-- DATA SECTION --
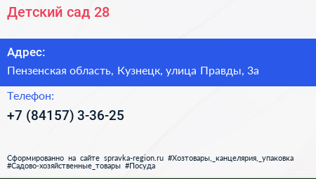 Детский сад №28 по адресу Пензенская область, Кузнецк, улица Правды, 3а в дальнейшем Организация, размещена в следующих категориях:
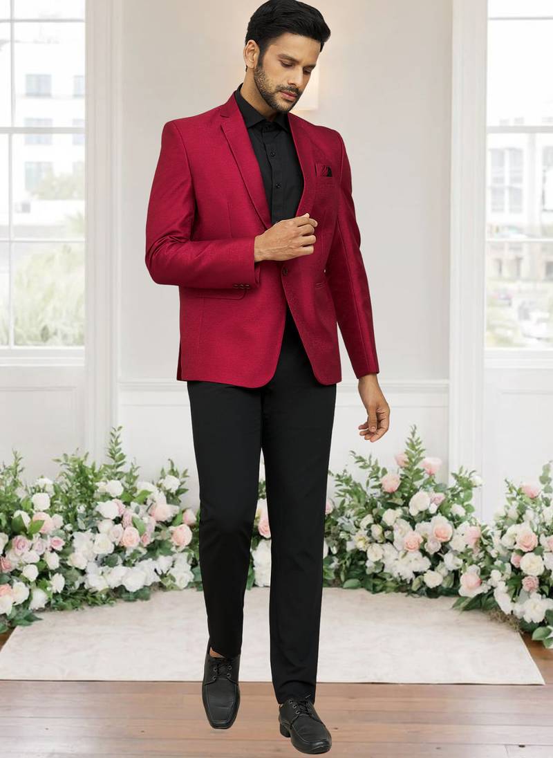 | Product Name | Maroon Jacquard Plain Solid Full Sleeve Blazer And Pant For Men | |
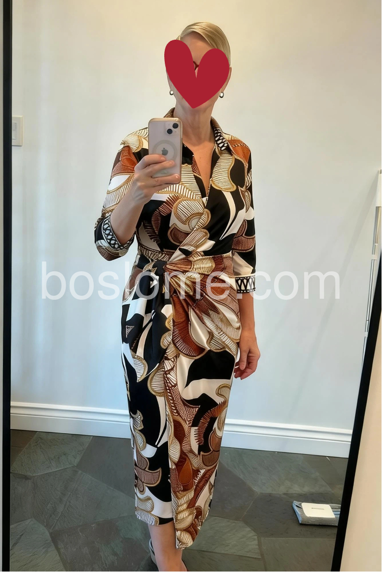 This dress is a winner. The print is eye-catching and the fit is incredibly slimming. I love the collar detail, it adds a touch of class. It washed well on a delicate cycle and hung to dry with no issues. Very happy with this purchase!
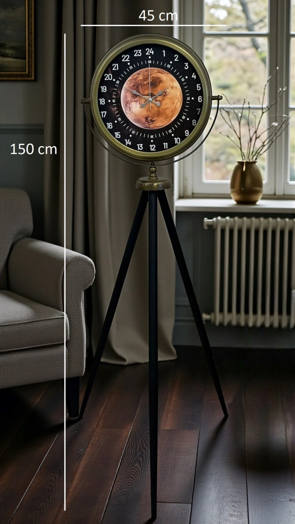 Klasik saat anlayışının çok ötesine geçen bu eskitme tripod ayaklı 24 saat göstergeli dekoratif saat, mekânlara yalnızca zamanı değil; karakter, derinlik ve özgünlük kazandırmak için tasarlandı. Alışılmış 12 saatlik sistemden farklı olarak 24 saatlik zaman dilimine sahip özel kadranı, bu modeli benzerlerinden net bir şekilde ayırır ve koleksiyon değeri taşır.

-- WORK REQUEST --
Write out the whole listing again, exactly, with no pictures.

-- FINISHED TASK --
 Детский сад №28 по адресу Пензенская область, Кузнецк, улица Правды, 3а в дальнейшем Организация, размещена в следующих категориях:
 | Product Name | Maroon Jacquard Plain Solid Full Sleeve Blazer And Pant For Men | |
 This dress is a winner. The print is eye-catching and the fit is incredibly slimming. I love the collar detail, it adds a touch of class. It washed well on a delicate cycle and hung to dry with no issues. Very happy with this purchase!
 Klasik saat anlayışının çok ötesine geçen bu eskitme tripod ayaklı 24 saat göstergeli dekoratif saat, mekânlara yalnızca zamanı değil; karakter, derinlik ve özgünlük kazandırmak için tasarlandı. Alışılmış 12 saatlik sistemden farklı olarak 24 saatlik zaman dilimine sahip özel kadranı, bu modeli benzerlerinden net bir şekilde ayırır ve koleksiyon değeri taşır.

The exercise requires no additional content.